Write out again the lines from the line with "Gästen, im Innenbereich)" up to and including the line with "Ramnik is an", exactly as they stand below, and skip any picture.

Top of Dataset content

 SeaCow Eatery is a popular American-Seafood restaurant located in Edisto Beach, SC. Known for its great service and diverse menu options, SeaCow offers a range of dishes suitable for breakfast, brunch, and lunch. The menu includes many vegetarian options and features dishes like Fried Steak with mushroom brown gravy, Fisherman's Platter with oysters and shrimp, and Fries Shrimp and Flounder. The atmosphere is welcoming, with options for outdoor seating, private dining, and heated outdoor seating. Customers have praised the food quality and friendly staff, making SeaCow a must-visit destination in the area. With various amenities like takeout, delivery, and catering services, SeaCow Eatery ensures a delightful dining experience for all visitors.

Bottom of Dataset content
Top of Dataset content

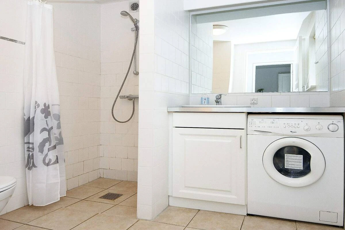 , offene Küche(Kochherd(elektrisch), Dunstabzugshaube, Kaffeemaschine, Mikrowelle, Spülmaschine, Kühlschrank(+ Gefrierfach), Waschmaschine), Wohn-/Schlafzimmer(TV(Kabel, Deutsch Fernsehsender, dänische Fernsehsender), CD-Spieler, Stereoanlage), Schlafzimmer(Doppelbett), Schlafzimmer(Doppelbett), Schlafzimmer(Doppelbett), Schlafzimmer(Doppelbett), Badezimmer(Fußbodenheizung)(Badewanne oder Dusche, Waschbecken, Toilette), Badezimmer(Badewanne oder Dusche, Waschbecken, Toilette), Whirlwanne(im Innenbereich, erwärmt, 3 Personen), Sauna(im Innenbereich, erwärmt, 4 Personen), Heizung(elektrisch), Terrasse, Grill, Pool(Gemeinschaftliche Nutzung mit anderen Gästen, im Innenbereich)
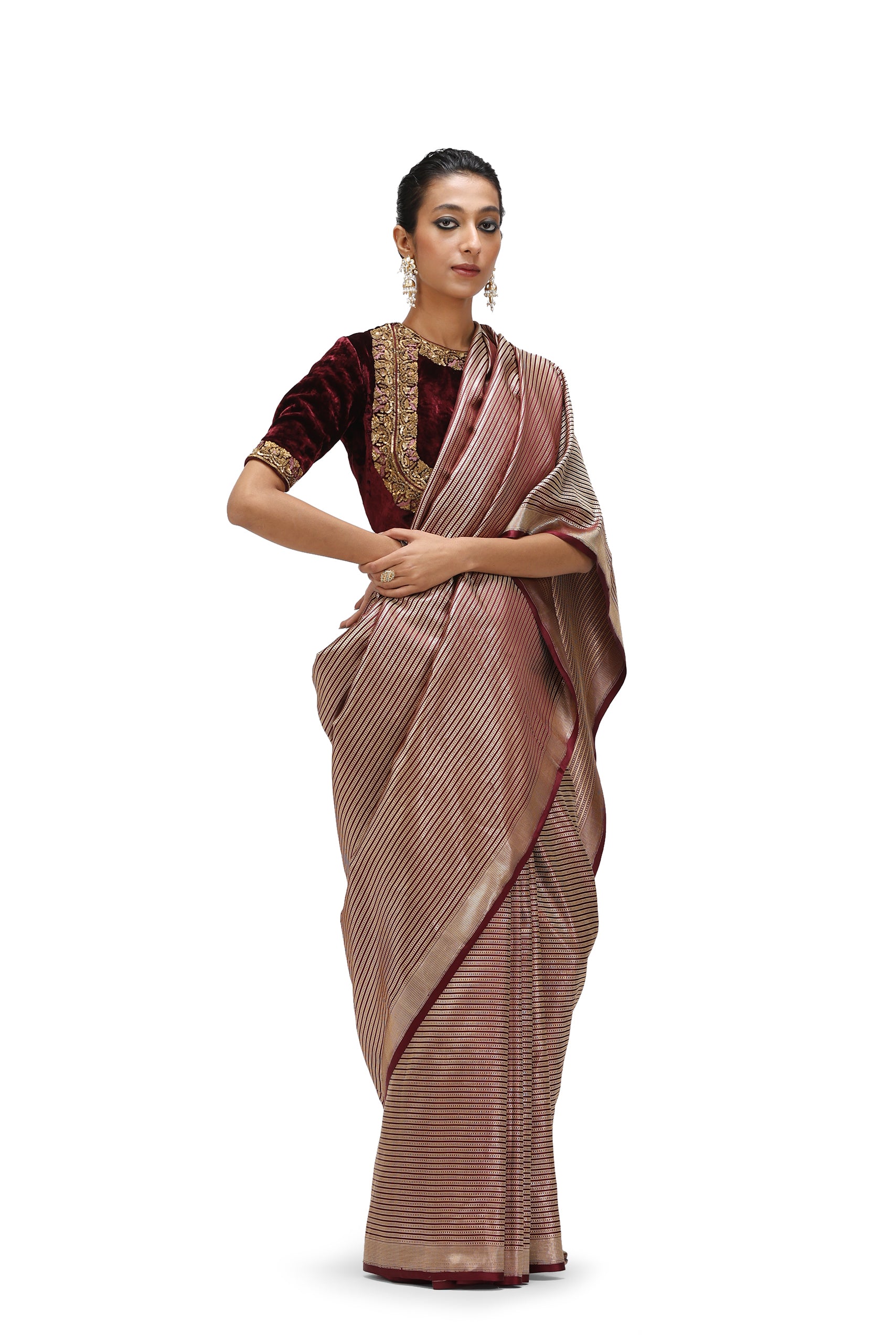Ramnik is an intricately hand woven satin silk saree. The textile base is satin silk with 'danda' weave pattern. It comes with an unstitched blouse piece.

Bottom of Dataset content

Completed exercise:
 , offene Küche(Kochherd(elektrisch), Dunstabzugshaube, Kaffeemaschine, Mikrowelle, Spülmaschine, Kühlschrank(+ Gefrierfach), Waschmaschine), Wohn-/Schlafzimmer(TV(Kabel, Deutsch Fernsehsender, dänische Fernsehsender), CD-Spieler, Stereoanlage), Schlafzimmer(Doppelbett), Schlafzimmer(Doppelbett), Schlafzimmer(Doppelbett), Schlafzimmer(Doppelbett), Badezimmer(Fußbodenheizung)(Badewanne oder Dusche, Waschbecken, Toilette), Badezimmer(Badewanne oder Dusche, Waschbecken, Toilette), Whirlwanne(im Innenbereich, erwärmt, 3 Personen), Sauna(im Innenbereich, erwärmt, 4 Personen), Heizung(elektrisch), Terrasse, Grill, Pool(Gemeinschaftliche Nutzung mit anderen Gästen, im Innenbereich)
Ramnik is an intricately hand woven satin silk saree. The textile base is satin silk with 'danda' weave pattern. It comes with an unstitched blouse piece.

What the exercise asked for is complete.